I sank to my knees and collapsed into his chest. His arms wrapped around me as my tears shook through me.

For the first time in my life, I let myself fall.

His arms were warm, steady, safe. I wanted to stay there forever, but even that wish hurt, because I knew I could not stay. I shifted, and he felt it.

He pushed my hair softly from my face. “I think we still need to get you talking to some trees.”

I chuckled. “Yes. I think I am going to go on a walk.”

“I will go with you.” He pulled me closer.

“No, Oliver. I want to go alone.”
His face fell, guilt stabbing through me.

“Not because of you,” I added quickly. “But because I think I need to sit with the trees for a while.”
He nodded, understanding.

He drew me into one more tight embrace, as if afraid I might disappear into the wind. His hand cupped my face, warm and steady. Leaning in, I breathed in rosemary and salt, grounding myself in him one last time.

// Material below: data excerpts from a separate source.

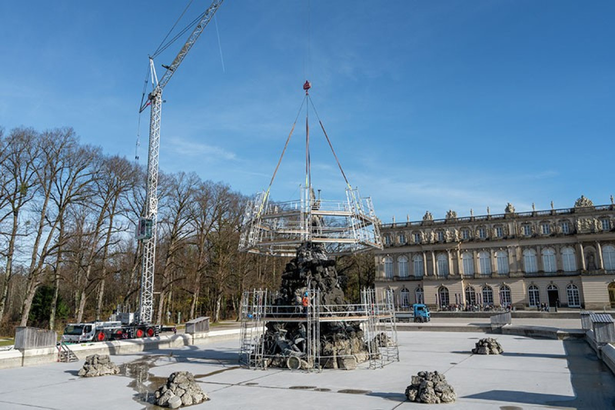 BKL Liebherr-Mobilbaukran auf der Herreninsel: Winterschutz für die Schlossbrunnen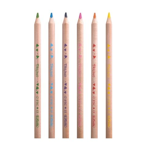 6 trojhranných pastelek Trilino, dřevo, FSC 100%, jumbo, trojúhelníkový tvar, průměr tuhy 5 mm, s tuhou odolnou proti zlomení, v závěsném balení s motivem Mořské panny, barvy: žlutá, oranžová, růžová, fialová, světle modrá, světle zelená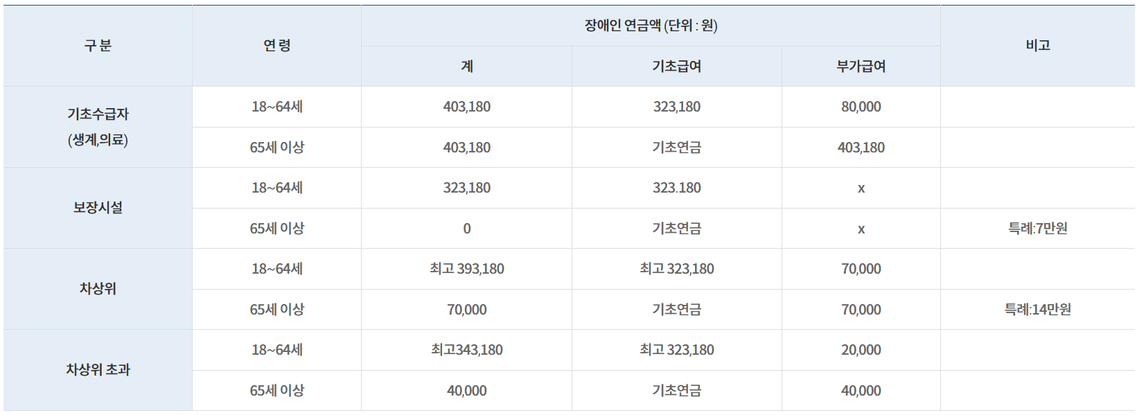 - 만 18세 이상 등록 중증장애인 중 본인과 배우자의 소득인정액이 선정기준액 이하인 자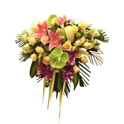 [材料]:粉百合,香槟玫瑰,紫色千代兰6枝,白色紫罗兰6枝,绿掌2片。 [包装]:讲台专用花泥底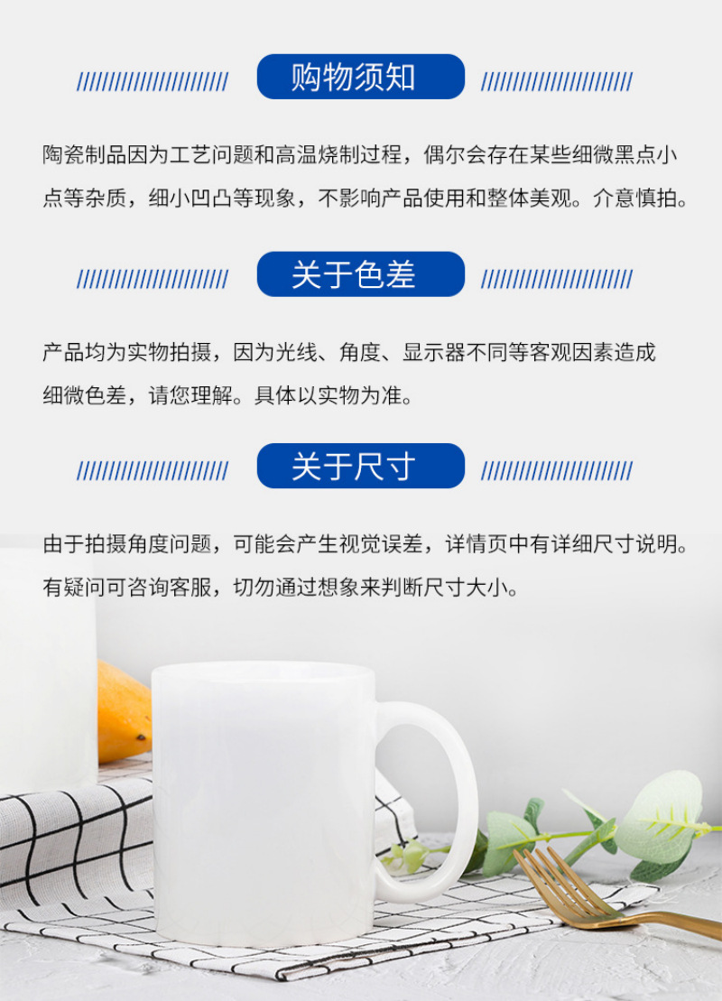 Taza de cerámica de sublimación de 11oz Taza en blanco de transferencia de calor Taza simple Taza publicitaria Taza de regalo Impresión de imagen LOGO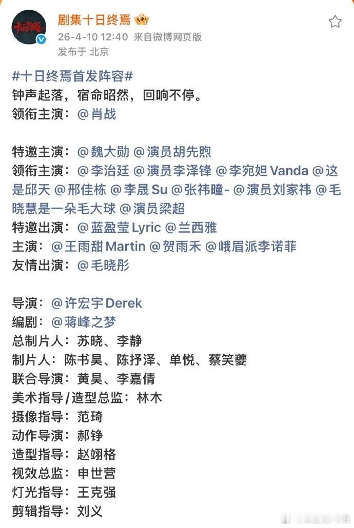 对《十日终焉》未官宣的演员更为期待了,不知道还有多少能扛剧的主角在赶来友情出演的路上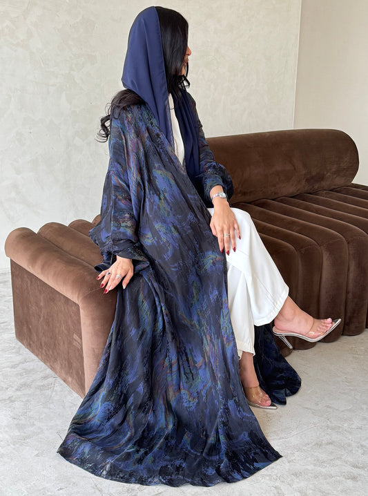 FAB156- Blue Swirl Marble Jacquard Abaya

“Come back when you are ready,” he said. “And stay safe.”

He let me go. I missed the warmth instantly.

I looked into his eyes and smiled. “I will always come back if you keep holding me like that.”

“Then I will never fear losing you,” he said. “Not if you were made for my arms.”

He stood and offered his hand. I took it.
A low hum moved through the forest, as if it were accepting something I had not yet accepted myself.

I walked into the trees.
They hummed in a chorus that curled around me.

I went until it was just me, the trees, and the stars.

I approached the largest tree in the grove and sat at its base. I focused on the air around me, how it swirled and followed me.

I sat there, breathing, listening, until I heard it—a deep, vibrating voice.

“Hello, Skyborn.”
Its sound was more song than speech.

I stood quickly. “Who is there?”

“Skyborn,” the voice sang, “you have been trying to speak to us for days. Would you like to speak now?”

“What is different now from any other time?” I asked. Had they ignored me this whole time?

“You have accepted fate into your life,” the voice hummed.

I thought of collapsing into Oliver’s arms. “That? You needed me to collapse into my emotions?”

“The magic that breathes through Celentra is controlled through emotion. Humans created the words, but emotion is what allows magic to flow. We needed to feel your magic before we could share our secrets.”

“So you felt my magic. What now?” I asked, feeling ridiculous for talking to trees.

A braided bed of leaves descended gently from the canopy.

“Let us tell you a story.”

It looked impossibly soft.
I climbed into it and lay down.

The bed lifted smoothly, carrying me into the sky.